Notice the following output line when running the code:
Setting direction: controls > cases
This indicates that Predictor
takes lower values in Sick
cases. As a consequence, you are thresholding the data incorrectly. If you don't know the direction your predictor goes a priori, you should replace:
c2$NM=ifelse(data[[.x]]>=threshold,"1","0")
with:
c2$NM=ifelse(data[[.x]]<threshold,"1","0")
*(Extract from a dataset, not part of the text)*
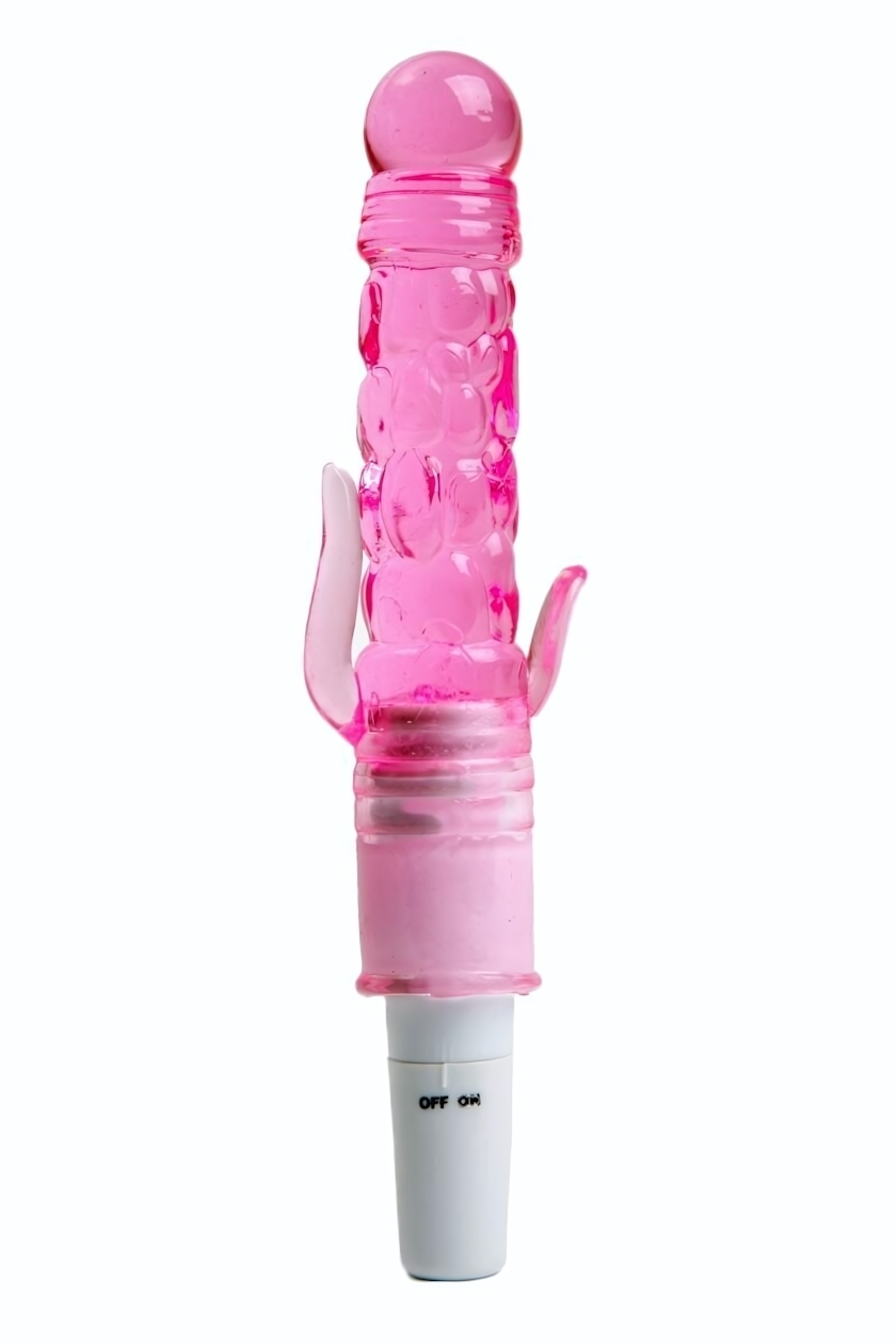 Вибромассажёр анальный с 2 отростками, 21 см, TPR, розовый, рифлёная поверхность

which produces the correct output:
Setting direction: controls > cases
# A tibble: 1 × 6
name threshold Sen Spe PPV PNV
<chr> <dbl> <dbl> <dbl> <dbl> <dbl>
1 Predictor 1.33 0.82 0.59 0.31 0.94
In addition you should be able to get the results you want much more easily and without the need to compute the performance values yourself with a pipeline like this:
map(list.predictors, .f = ~{
roc(data$Illness, data[[.x]], levels = c("Healthy","Sick")) %>%
coords("best", ret = c("threshold", "sensitivity", "specificity", "ppv", "npv")) %>%
as_tibble() %>%
mutate(name = .x, .before = "threshold",
across((sensitivity:npv), ~round(.x, 2)),
threshold = round(threshold, 3))
}) %>%
bind_rows()
This pipeline produces the same output as yours, using the performance values computed by the coords function.